Because this is God’s will and created design for his gift of sex, we are not to use it outside of marriage. We are to be sexually pure. This means that Christians who are not married are not to have sexual intercourse. This means that Christians who are married are only to have sexual intercourse with their spouse. And it means that all Christians are to avoid those things that prompt and provide the opportunity for lust.
In our text, Jesus places the emphasis on looking – on what we see. And it is on this front that we face great challenges. When I was a young teen temptations of sight were the glimpse of the cover of a Playboy magazine at the book store, or looking at the Sports Illustrated swimsuit issue. Yet today, anyone with a computer, tablet or smart phone can access a limitless range of pornography anywhere they are. We are immersed in a deluge of sexually explicit television shows, ads and pictures. And when we look, we invite lust.
The answer then for those who live under the reign of God through the work of the Spirit is very straightforward: Don’t look; turn away. Take the app off your phone. Get rid of the bookmarks on your computer. Put software on your computer that blocks sexual content. Don’t turn for the second glance at the attractive man or woman.
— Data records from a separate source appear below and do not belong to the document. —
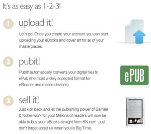 Barnes and Noble’s new service–PUB IT–offers us all a great opportunity–to take our writing and publish it to a listening audience. While there are many tools available now to get that job done (you can probably make your own list of ePublishers), seeing the possibilities open up on Barnes and Noble was gratifying:
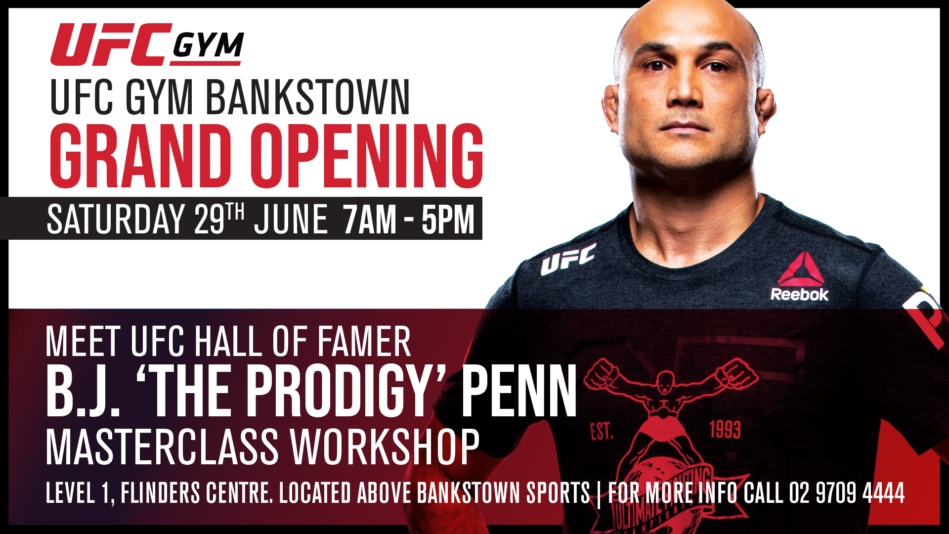 Don't miss out on this once in a life time opportunity to meet and greet one of the pioneers of the UFC, BJ PENN at our Grand Opening at UFC Gym Bankstown on Saturday 29th of June.
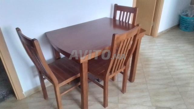 salam je mets ma table avec 4 chaises en bois de hetre en bon état si vous etes interessez n'esiter pas de m'appeler merci
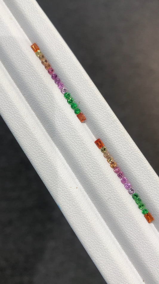 2mm Rounds with Baguettes 3x2mm Natural Rainbow Sapphires Tsavorite 15 pieces Ring Set
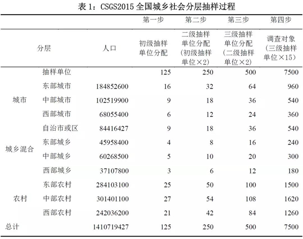 本文使用清华大学及其他合作机构于2015年7月到2016年3月开展的“中国城乡社会治理调查”(ChinaSocialGovernanceSurvey,简称CSGS2015)数据进行分析。CSGS2015是尽可能按照科学的统计抽样方法执行的全国性大规模社会动态入户面访调查。该调查考虑到近年来中国庞大的城乡流动人口问题常常对基层社会随机抽样造成严重的影响,导致家户登记统计经常和实际住户资料存在差异的问题,因此采取全球卫星定位系统(GPS)辅助的概率比例规模抽样方法(GPS-assistedPPSSamplingMethod),以最大限度地反映全国家户人口分布的实际情况。该方法由北京大学国情研究中心开发,旨在解决传统上由于户口登记信息过时、空户过多以及对城乡流动人口的排斥所引发的抽样缺陷和抽样困难(Landry&Shen,2005)。据此,CSGS2015实行了分层和分阶段抽样,首先将全国分为东部、中部和西部三部分,在其中随机抽取区县;然后通过PPS依次抽取乡镇/街道、居/村委会;最后根据空间地理距离在居/村委会内系统抽样抽取。该调查一共抽取了7500个样本,最终有效样本为4068个,回收率为67.65%,是目前可以获得的关于中国公众政治态度的质量最高的调查数据之一。具体的抽样方法和样本情况参见表1:
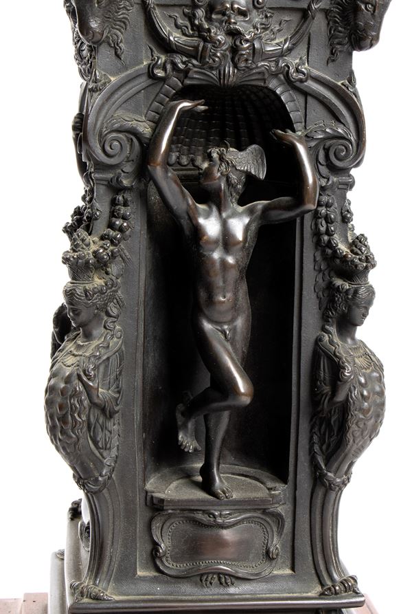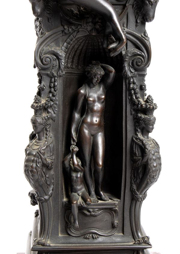 la fantastica statua di Perseo, in pieno stile neoclassico, poggia su un basamento con caproni e quattro divinità greche inserite in nicchie e una base in marmo rosso antico di forma quadrata.
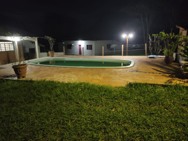 Descrição do Rancho : 03 dormitórios - sendo um suíte - {Cada quarto com uma cama de casal e uma cama de solteiro}, 03 banheiros, sala ampla, cozinha, quiosque com churrasqueira ,piscina, varanda com churrasqueira e fogão a lenha, ambiente arborizado, local cercado e murado, fundos para o Rio Tomazinho, varanda na frente e nós fundos, ventiladores de teto em todos os cômodos Ar condicionado em dois dos 3 dormitórios
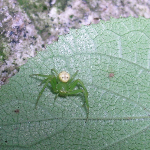 A green female Tibellus (Family Philodromidae). Hainan, 2003. |
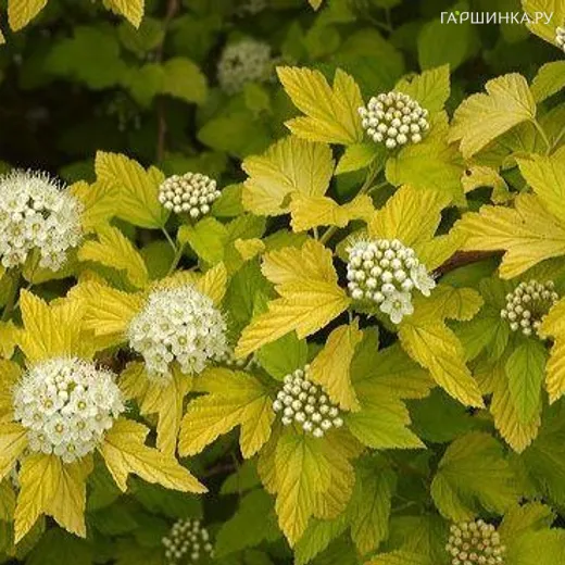 Пузыреплодник Дартс Голд - Среди большого количества декоративных растений только некоторые могут похвастаться абсолютной неприхотливостью и высокой декоративностью. К таким растениям относится и пузыреплодник калинолистный. Выращивают это растение из-за его эффектного вида: шаровидная густая крона из раскидистых поникающих ветвей с крупными гофрированными листьями выглядит пышно сверху донизу. Пузыреплодник калинолистный Dart's Gold вырастает до 1,5 м, листья при распускании оранжево-желтого цвета, летом немного зеленеют, а осенью желто-бронзового оттенка. Весной на нем появляются кисти белых или слегка розоватых цветков. По сути, этот сорт является усовершенствованной формой luteus, так как имеет значительно более яркую желтую листву и сохраняет этот привлекательный цвет весь летний сезон.
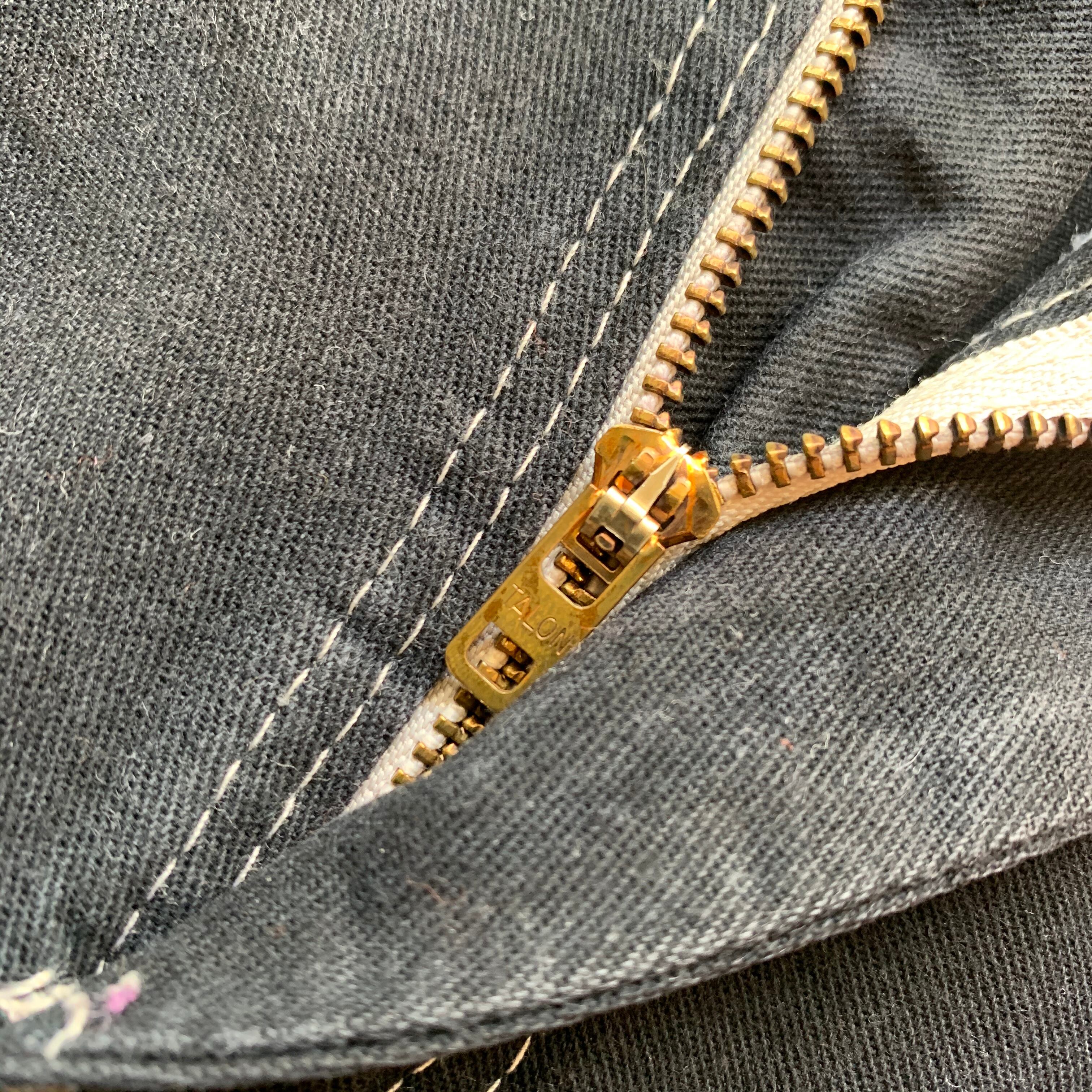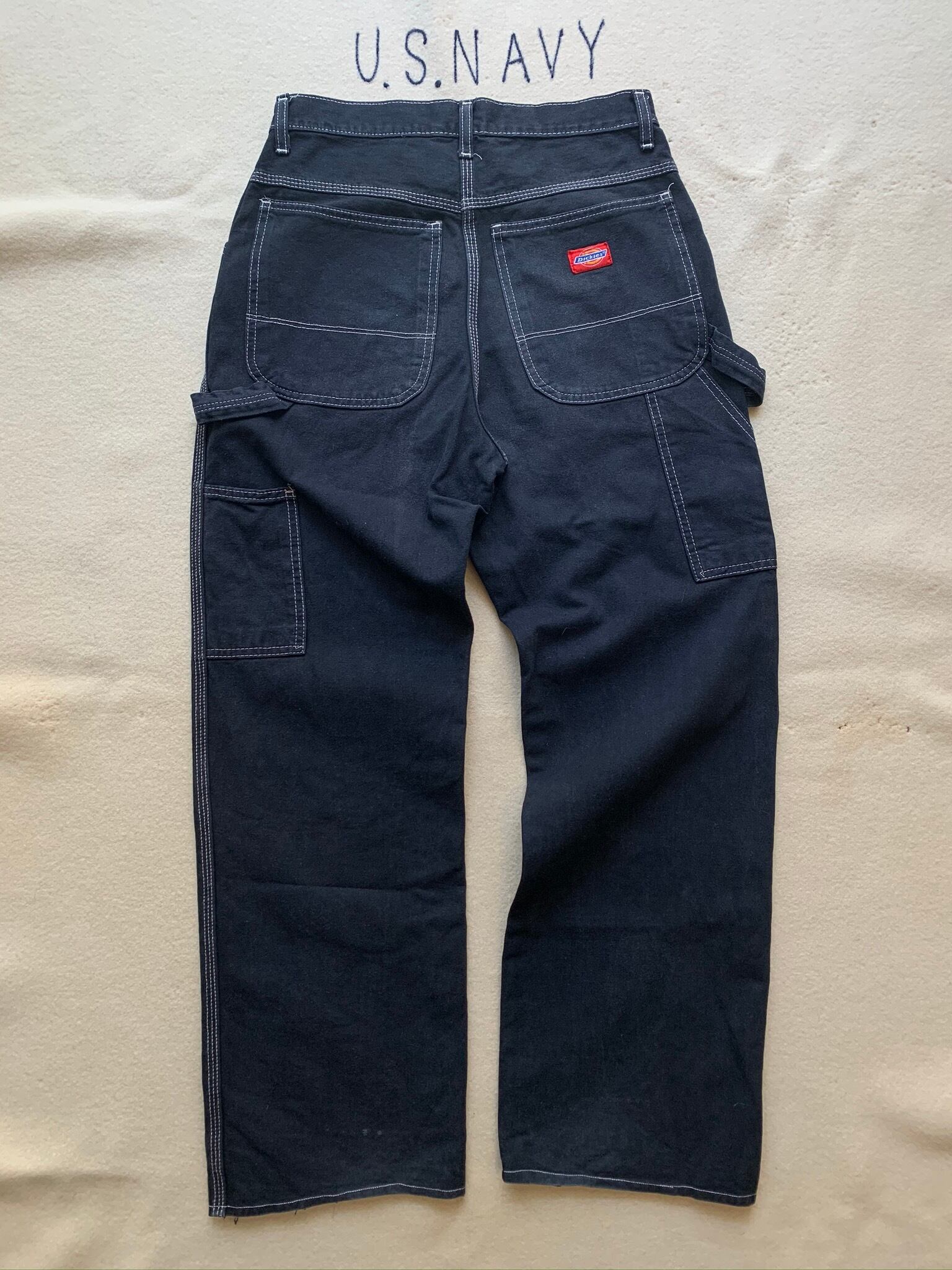 80s-90s Dickiesのペインターパンツ。後染めのような黒色ですがステッチが染まってないことからオリジナルカラーと思います。ジップはTALON。サイズ感はS-M相当。レディースでもかわいいと思います。

This won’t remove the presence of sin from your heart. It will still be there until you die or Christ returns. Lustful and sinful thoughts will still spring up, but if you don’t look you aren’t prompting them and you aren’t promoting them. Bernard of Clairvaux was once asked about lustful thoughts and what a person can do about them. He said that you can’t keep the birds from flying over your head. But you can keep them from building a nest in your hair.